The debug info contains implementation-defined data which maps low-level bytecode addresses, register numbers, etc. to source lines, columns and variable names, etc.

void spn_dbg_set_filename(SpnHashMap *debug_info, const char *fname);

By default, the compiler doesn't ask for a filename, even if it is generating debug information. (The rationale behind this design decision is that not all Sparkling programs may have been created from a file, and I didn't want to make the compiler api a complete pain to use.)

So, if you know that a particular program has been created from a file, you can use this function to register the file name in the debug info.

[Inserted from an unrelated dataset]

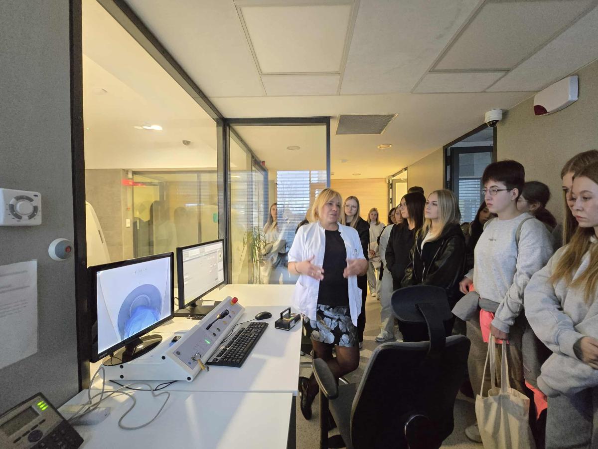 Ale to nie wszystko! W trakcie wizyty uczniowie mieli również okazję poznać, jak działa cała infrastruktura medyczna związana z radiochirurgią, jak dobiera się odpowiednią metodę leczenia oraz jakie wyzwania wiążą się z codzienną pracą w takim centrum. Zajęcia z zakresu medycyny były prowadzone przez najwyższej klasy specjalistów, którzy nie tylko przekazali ogromną dawkę wiedzy teoretycznej, ale również podzielili się doświadczeniem, jak wygląda życie w zawodzie lekarza i technika medycznego. Uczniowie dowiedzieli się, jak ściśle współpracują ze sobą lekarze, fizycy medyczni i inżynierowie, by zapewnić pacjentom najlepszą opiekę.

const char *spn_dbg_get_filename(SpnHashMap *debug_info);

Returns the filename set using spn_dbg_get_filename() or "???" if no file name was set and/or debug_info was NULL.

SpnSourceLocation spn_dbg_get_frame_source_location(SpnStackFrame frame);

Returns a source location object corresponding to the error location in frame. frame must have been obtained via a call to spn_vm_stacktrace() or spn_ctx_stacktrace(). If no corresponding location info is found, returns (0, 0).

SpnSourceLocation spn_dbg_get_raw_source_location(
    SpnHashMap *debug_info,
    ptrdiff_t address
);

Returns the source location for an arbitrary address pointing inside a bytecode array described by debug_info.

If debug_info is NULL or the location couldn't be determined, returns (0, 0).